►

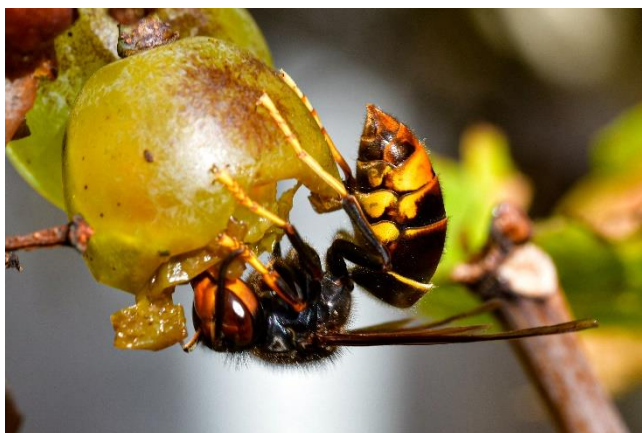
Am Weinstock - Worms 2021

Reiner Jahn / www.velutina.de - darf gerne geteilt werden!
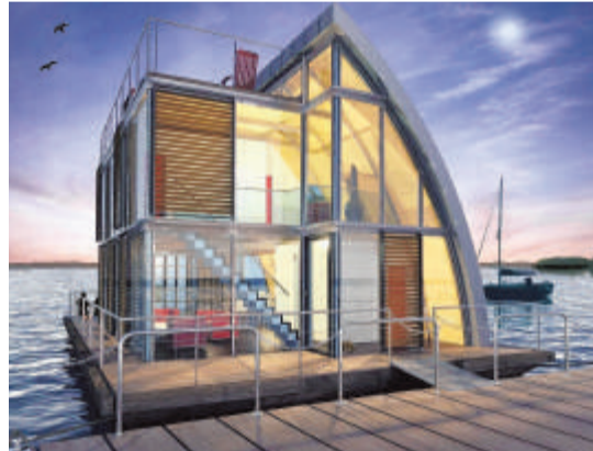
Das Modulhaus „ar-che“ der Firma steeltec37 aus Berlin wirkt wohltuend offen.

◄

_Task directions_
What is needed is the whole listing again, exactly as written, with the images left out.

_Output below_
Am Weinstock - Worms 2021

Reiner Jahn / www.velutina.de - darf gerne geteilt werden!
Das Modulhaus „ar-che“ der Firma steeltec37 aus Berlin wirkt wohltuend offen.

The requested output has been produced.